No dice. It’s possible to get carbon dioxide to react with water to produce long-chain carbon molecules and free oxygen, but it’s far from easy. Plants do it, but they use sunlight, harnessed by a convoluted chemical pathway called oxygenic photosynthesis. That particular party trick didn’t emerg
e until something like 2.8 billion years ago (bya) at the very earliest.15 No, water won’t do. So where are we going to get our hydrogen from?
This is where another feature of alkaline hydrothermal vents comes to the fore; serpentinization produces lots of dissolved hydrogen. Carbon dioxide and hydrogen will react to make methane and other long-chain molecules, but you need both energy and a catalyst to get things going, much in the same way that you need a match and a fire lighter to get a decent fire to take in a grate. As we know, not only do our bubbles have energy on tap, but their membranes are made from iron sulfide, a catalyst which is perfect for the job.
One of my favorite Monty Python sketches is from The Life of Brian. “All right, all right,” says a revolutionary John Cleese, “but apart from better sanitation and medicine and education and irrigation and public health and roads and a freshwater system and paths and public order . . . what have the Romans ever done for us?” After my chat with Nick Lane, I feel the same way.
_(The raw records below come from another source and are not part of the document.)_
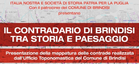L’Ufficio Toponomastica del Comune di Brindisi ha di recente realizzato il censimento e la mappatura delle contrade dell’intero territorio, un lavoro (peraltro in continuo itinere) cui va riconosciuta una valenza che trascende il mero dato tecnico.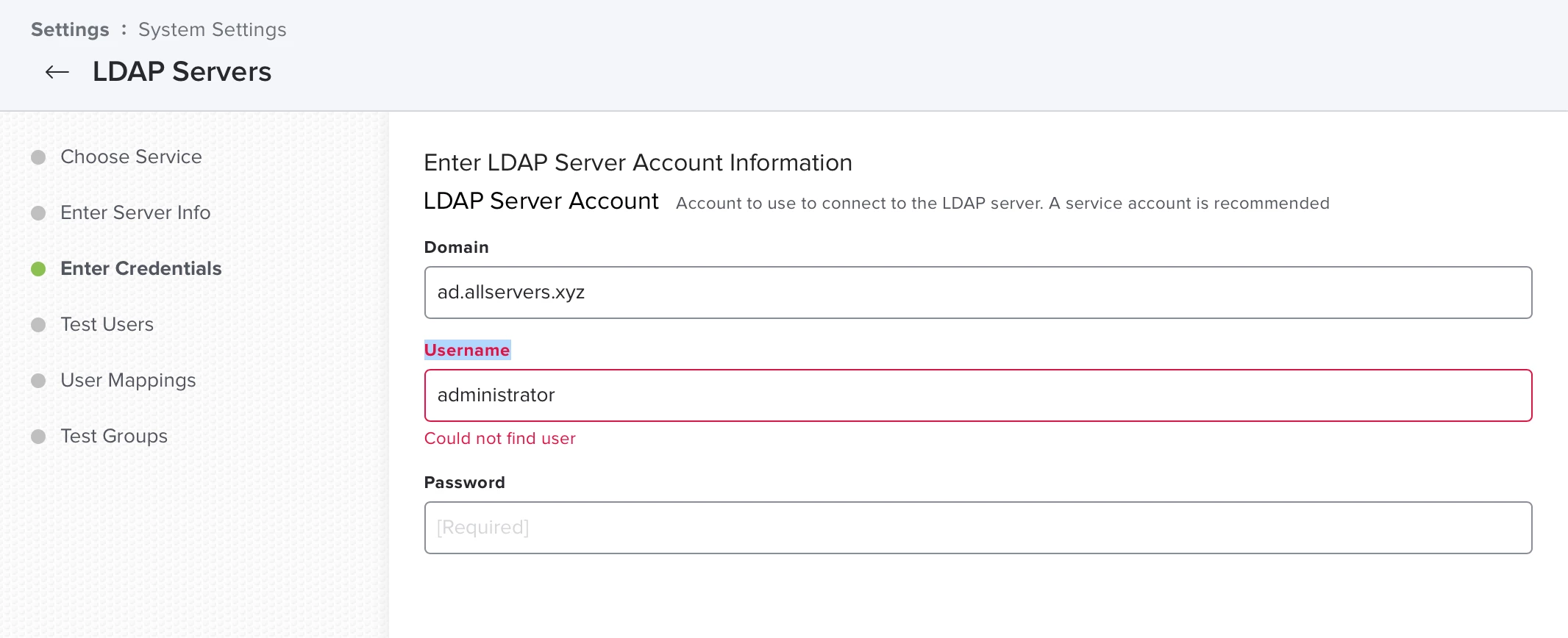 When binding LDAP Servers in Jamf, in the third step "Enter Credentials", after filling in the "Domain" "Username" "Password" information, prompt me "Could not find user".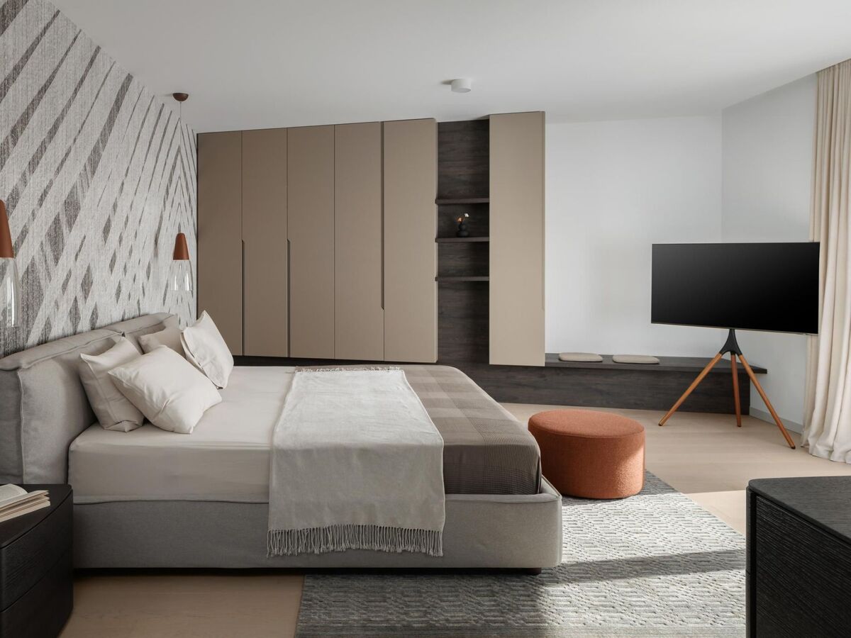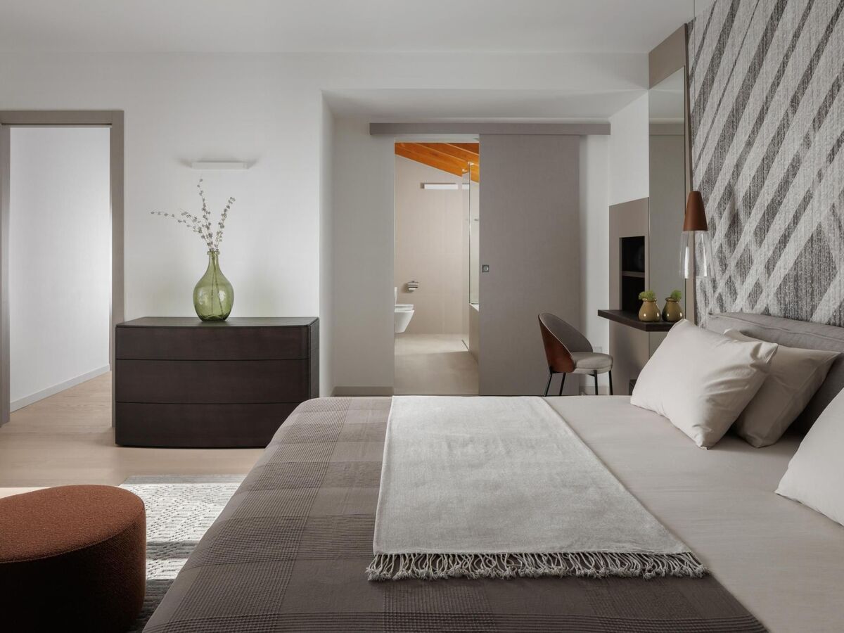 La chambre principale, située au premier étage, dispose d'un lit double king-size et d'une luxueuse salle de bains attenante avec baignoire et douche.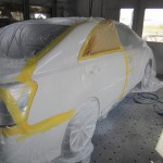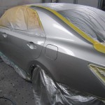 浜松市内からご来店のクラウンハイブリッドの板金修理左フロントドアーリヤーフェンダーキズヘコミ板金塗装修理リヤードアー取替え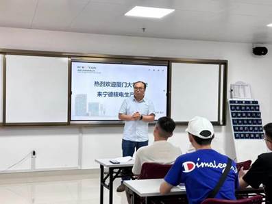 公司党群工作部的郭婷婷老师带领实习生们进行了宁德核电企业文化培训课程的学习。郭老师首先从党的百年奋斗和传承红色基因两个方面介绍了核工业的起步和宁德核电有限公司的发展历程,同学们通过“0.01mm的较真”“小小水套的八年之痒”等模范事例进一步了解和体会到了公司“严慎细实”的工作作风和品牌文化,其中包括“发展清洁能源,造福人类社会”的使命,“安全第一,质量第一,追求卓越”的基本原则等等。课上同学们积极回答郭老师提出的问题,氛围热烈。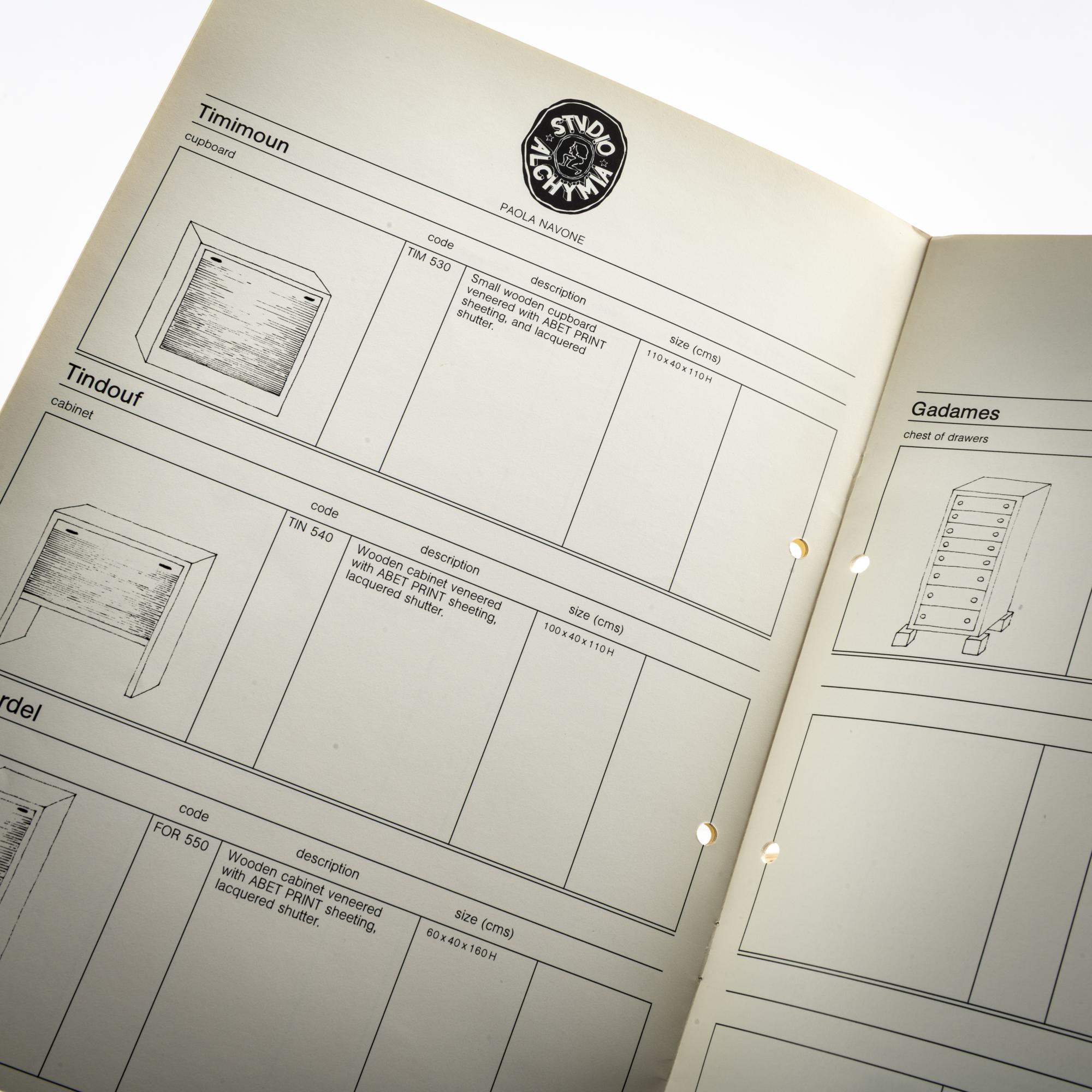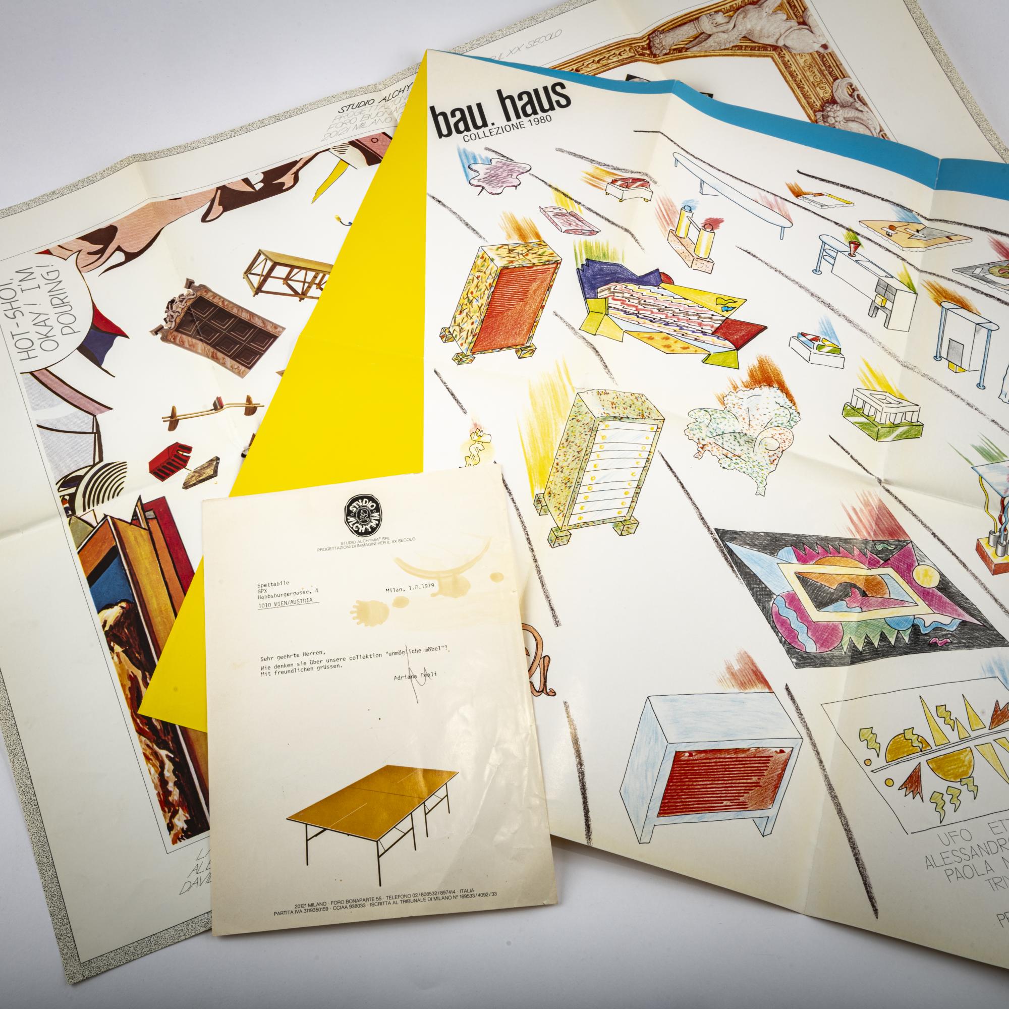 Studio Alchymia: Technical catalogue, edition 1980. bau.haus. art collection, Mailand 1980, dabei: Poster bau.haus collezione 1980, H. 61 x 84,5 cm.; Studio Alchymia: Technische Unterlagen 1979, Mailand 1979, dabei: Poster, H. 61 x 84,5 cm.; Anschreiben "unmögliche Möbel", August 1979.

Apart from the protection from meteorites, the membranes, the transition metals, the proton gradients, the iron sulfide catalysts, the dissolved hydrogen, and the carbon dioxide . . . what have alkaline hydrothermal vents ever done for us?
PUSHING CARBON UPHILL
Of course it’s a long way from a few smallish carbon molecules in an iron-sulfide bubble to a single-celled life-form. Unlike the primordial soup theory, however, which produces life like a rabbit out of a hat, our vent-based proto-life can make its way there in stages. One of Mike Russell’s triumphs has been to show that the iron sulfide membrane of an individual bubble is permeable. That means that small molecules can escape, but larger ones are trapped, ready to undergo further reactions.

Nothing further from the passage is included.